**WORK ORDER:**
Repeat the data that follows, word for word, without the images.

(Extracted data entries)
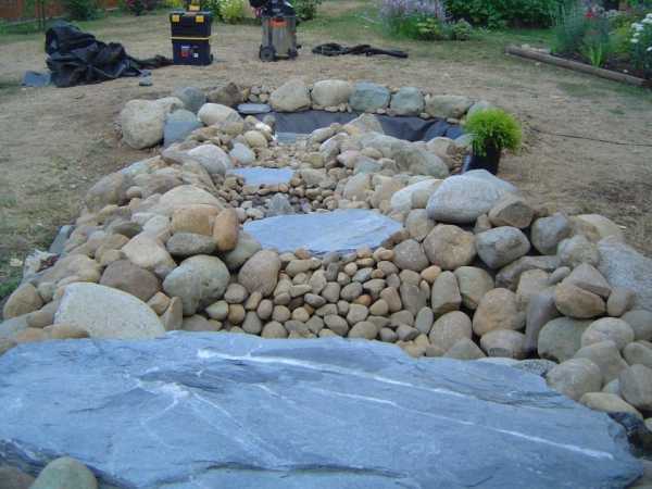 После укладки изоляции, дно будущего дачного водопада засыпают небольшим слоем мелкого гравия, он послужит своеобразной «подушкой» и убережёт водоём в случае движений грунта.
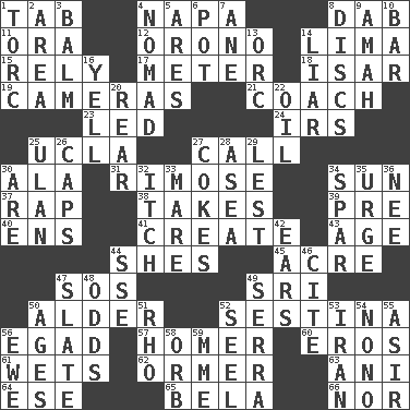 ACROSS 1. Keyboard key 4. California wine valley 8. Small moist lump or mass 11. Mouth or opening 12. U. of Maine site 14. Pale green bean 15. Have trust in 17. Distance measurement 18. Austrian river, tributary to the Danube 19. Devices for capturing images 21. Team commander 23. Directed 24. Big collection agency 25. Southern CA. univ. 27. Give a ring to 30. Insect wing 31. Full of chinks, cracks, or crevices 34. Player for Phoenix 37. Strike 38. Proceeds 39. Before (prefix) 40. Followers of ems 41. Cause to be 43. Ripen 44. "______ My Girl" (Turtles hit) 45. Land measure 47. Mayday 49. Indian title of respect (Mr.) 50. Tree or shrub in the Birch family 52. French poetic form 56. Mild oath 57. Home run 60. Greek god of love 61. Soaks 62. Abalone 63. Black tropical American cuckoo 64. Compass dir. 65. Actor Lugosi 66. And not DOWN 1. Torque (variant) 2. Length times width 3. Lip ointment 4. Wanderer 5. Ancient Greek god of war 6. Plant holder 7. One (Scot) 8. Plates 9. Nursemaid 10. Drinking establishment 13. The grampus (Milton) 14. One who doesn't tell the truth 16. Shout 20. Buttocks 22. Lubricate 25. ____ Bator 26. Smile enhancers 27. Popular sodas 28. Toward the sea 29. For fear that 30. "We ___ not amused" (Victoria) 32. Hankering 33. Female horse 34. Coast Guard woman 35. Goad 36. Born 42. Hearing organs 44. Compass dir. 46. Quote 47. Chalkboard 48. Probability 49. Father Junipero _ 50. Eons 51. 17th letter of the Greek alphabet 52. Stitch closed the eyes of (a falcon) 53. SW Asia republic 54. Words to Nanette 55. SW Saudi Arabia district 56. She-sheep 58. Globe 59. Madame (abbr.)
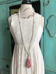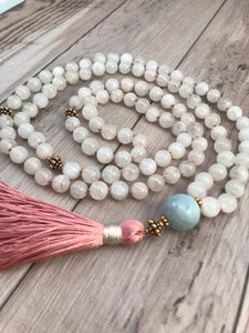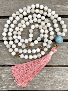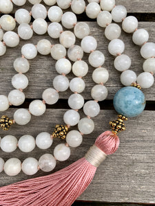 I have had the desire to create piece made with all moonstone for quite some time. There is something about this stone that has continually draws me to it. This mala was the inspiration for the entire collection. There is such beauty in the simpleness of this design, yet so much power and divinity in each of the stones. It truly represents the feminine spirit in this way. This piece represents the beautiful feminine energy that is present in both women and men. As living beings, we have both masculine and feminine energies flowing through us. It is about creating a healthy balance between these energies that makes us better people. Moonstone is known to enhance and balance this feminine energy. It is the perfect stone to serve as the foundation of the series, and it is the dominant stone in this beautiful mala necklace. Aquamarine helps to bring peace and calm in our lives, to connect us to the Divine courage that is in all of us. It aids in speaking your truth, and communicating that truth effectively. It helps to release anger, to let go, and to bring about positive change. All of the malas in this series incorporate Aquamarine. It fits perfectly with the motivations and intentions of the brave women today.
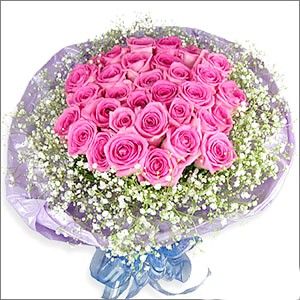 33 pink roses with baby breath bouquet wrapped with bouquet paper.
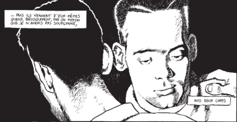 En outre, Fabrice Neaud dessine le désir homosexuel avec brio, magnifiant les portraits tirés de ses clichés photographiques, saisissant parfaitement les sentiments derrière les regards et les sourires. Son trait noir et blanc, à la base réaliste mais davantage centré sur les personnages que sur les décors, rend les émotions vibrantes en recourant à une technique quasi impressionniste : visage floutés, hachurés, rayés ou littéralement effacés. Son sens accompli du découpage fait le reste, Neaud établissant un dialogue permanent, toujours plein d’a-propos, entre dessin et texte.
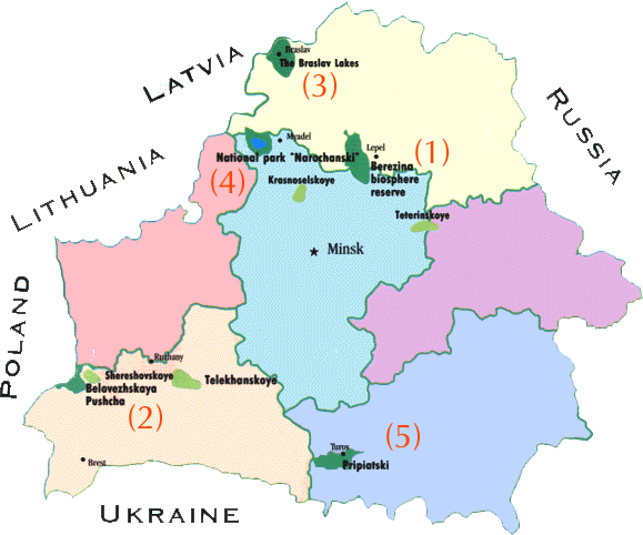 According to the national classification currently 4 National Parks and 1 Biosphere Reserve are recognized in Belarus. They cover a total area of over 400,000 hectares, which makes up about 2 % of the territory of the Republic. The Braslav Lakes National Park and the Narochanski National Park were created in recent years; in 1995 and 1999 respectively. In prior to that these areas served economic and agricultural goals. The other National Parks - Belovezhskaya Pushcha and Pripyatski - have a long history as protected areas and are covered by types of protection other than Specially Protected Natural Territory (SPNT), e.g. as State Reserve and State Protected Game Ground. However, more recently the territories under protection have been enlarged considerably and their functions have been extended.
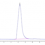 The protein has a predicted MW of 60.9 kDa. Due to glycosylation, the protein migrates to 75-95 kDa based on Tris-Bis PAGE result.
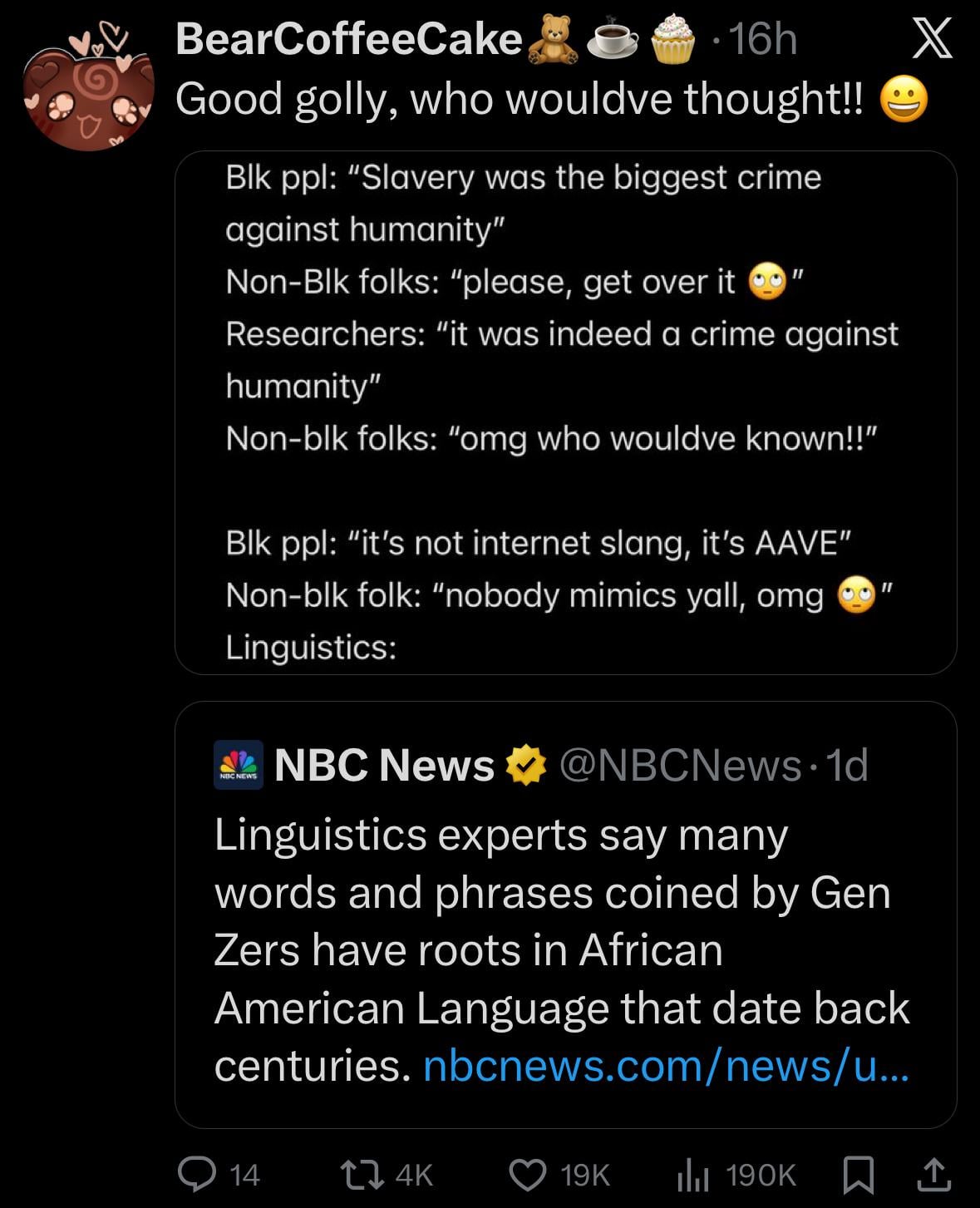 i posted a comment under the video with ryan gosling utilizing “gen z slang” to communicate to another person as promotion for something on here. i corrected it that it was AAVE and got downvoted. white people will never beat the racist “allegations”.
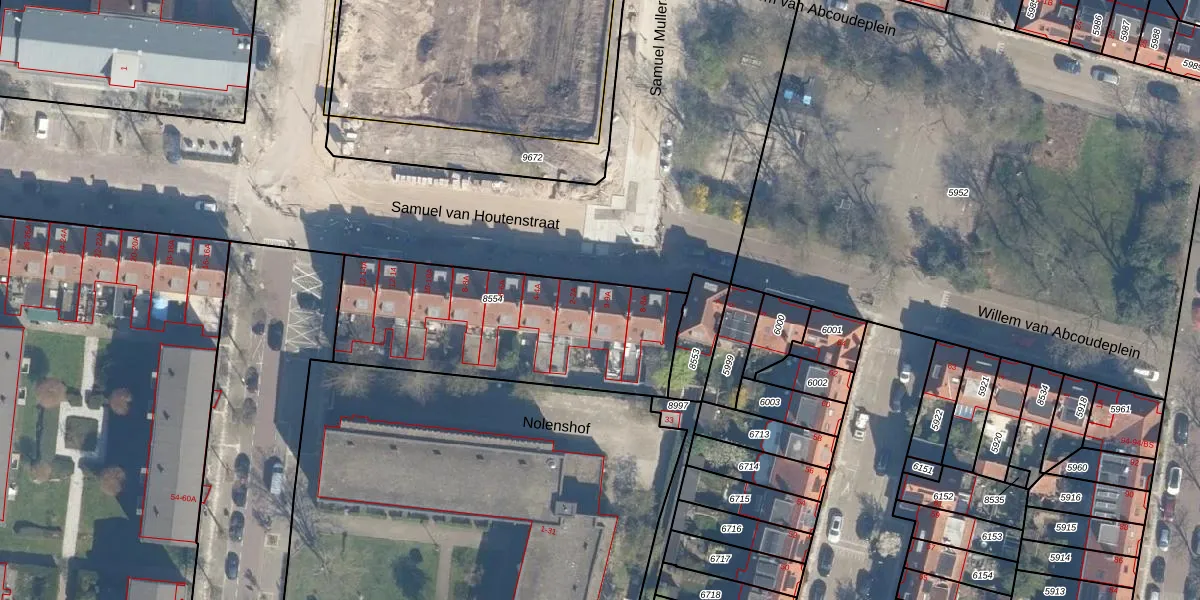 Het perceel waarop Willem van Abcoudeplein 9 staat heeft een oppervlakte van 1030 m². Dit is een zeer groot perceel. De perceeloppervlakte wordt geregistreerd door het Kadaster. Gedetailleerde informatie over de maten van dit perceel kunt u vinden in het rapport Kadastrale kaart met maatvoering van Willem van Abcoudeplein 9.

**RESPONSE:**
 После укладки изоляции, дно будущего дачного водопада засыпают небольшим слоем мелкого гравия, он послужит своеобразной «подушкой» и убережёт водоём в случае движений грунта.
 ACROSS 1. Keyboard key 4. California wine valley 8. Small moist lump or mass 11. Mouth or opening 12. U. of Maine site 14. Pale green bean 15. Have trust in 17. Distance measurement 18. Austrian river, tributary to the Danube 19. Devices for capturing images 21. Team commander 23. Directed 24. Big collection agency 25. Southern CA. univ. 27. Give a ring to 30. Insect wing 31. Full of chinks, cracks, or crevices 34. Player for Phoenix 37. Strike 38. Proceeds 39. Before (prefix) 40. Followers of ems 41. Cause to be 43. Ripen 44. "______ My Girl" (Turtles hit) 45. Land measure 47. Mayday 49. Indian title of respect (Mr.) 50. Tree or shrub in the Birch family 52. French poetic form 56. Mild oath 57. Home run 60. Greek god of love 61. Soaks 62. Abalone 63. Black tropical American cuckoo 64. Compass dir. 65. Actor Lugosi 66. And not DOWN 1. Torque (variant) 2. Length times width 3. Lip ointment 4. Wanderer 5. Ancient Greek god of war 6. Plant holder 7. One (Scot) 8. Plates 9. Nursemaid 10. Drinking establishment 13. The grampus (Milton) 14. One who doesn't tell the truth 16. Shout 20. Buttocks 22. Lubricate 25. ____ Bator 26. Smile enhancers 27. Popular sodas 28. Toward the sea 29. For fear that 30. "We ___ not amused" (Victoria) 32. Hankering 33. Female horse 34. Coast Guard woman 35. Goad 36. Born 42. Hearing organs 44. Compass dir. 46. Quote 47. Chalkboard 48. Probability 49. Father Junipero _ 50. Eons 51. 17th letter of the Greek alphabet 52. Stitch closed the eyes of (a falcon) 53. SW Asia republic 54. Words to Nanette 55. SW Saudi Arabia district 56. She-sheep 58. Globe 59. Madame (abbr.)
 I have had the desire to create piece made with all moonstone for quite some time. There is something about this stone that has continually draws me to it. This mala was the inspiration for the entire collection. There is such beauty in the simpleness of this design, yet so much power and divinity in each of the stones. It truly represents the feminine spirit in this way. This piece represents the beautiful feminine energy that is present in both women and men. As living beings, we have both masculine and feminine energies flowing through us. It is about creating a healthy balance between these energies that makes us better people. Moonstone is known to enhance and balance this feminine energy. It is the perfect stone to serve as the foundation of the series, and it is the dominant stone in this beautiful mala necklace. Aquamarine helps to bring peace and calm in our lives, to connect us to the Divine courage that is in all of us. It aids in speaking your truth, and communicating that truth effectively. It helps to release anger, to let go, and to bring about positive change. All of the malas in this series incorporate Aquamarine. It fits perfectly with the motivations and intentions of the brave women today.
 33 pink roses with baby breath bouquet wrapped with bouquet paper.
 En outre, Fabrice Neaud dessine le désir homosexuel avec brio, magnifiant les portraits tirés de ses clichés photographiques, saisissant parfaitement les sentiments derrière les regards et les sourires. Son trait noir et blanc, à la base réaliste mais davantage centré sur les personnages que sur les décors, rend les émotions vibrantes en recourant à une technique quasi impressionniste : visage floutés, hachurés, rayés ou littéralement effacés. Son sens accompli du découpage fait le reste, Neaud établissant un dialogue permanent, toujours plein d’a-propos, entre dessin et texte.
 According to the national classification currently 4 National Parks and 1 Biosphere Reserve are recognized in Belarus. They cover a total area of over 400,000 hectares, which makes up about 2 % of the territory of the Republic. The Braslav Lakes National Park and the Narochanski National Park were created in recent years; in 1995 and 1999 respectively. In prior to that these areas served economic and agricultural goals. The other National Parks - Belovezhskaya Pushcha and Pripyatski - have a long history as protected areas and are covered by types of protection other than Specially Protected Natural Territory (SPNT), e.g. as State Reserve and State Protected Game Ground. However, more recently the territories under protection have been enlarged considerably and their functions have been extended.
 The protein has a predicted MW of 60.9 kDa. Due to glycosylation, the protein migrates to 75-95 kDa based on Tris-Bis PAGE result.
 i posted a comment under the video with ryan gosling utilizing “gen z slang” to communicate to another person as promotion for something on here. i corrected it that it was AAVE and got downvoted. white people will never beat the racist “allegations”.
 Het perceel waarop Willem van Abcoudeplein 9 staat heeft een oppervlakte van 1030 m². Dit is een zeer groot perceel. De perceeloppervlakte wordt geregistreerd door het Kadaster. Gedetailleerde informatie over de maten van dit perceel kunt u vinden in het rapport Kadastrale kaart met maatvoering van Willem van Abcoudeplein 9.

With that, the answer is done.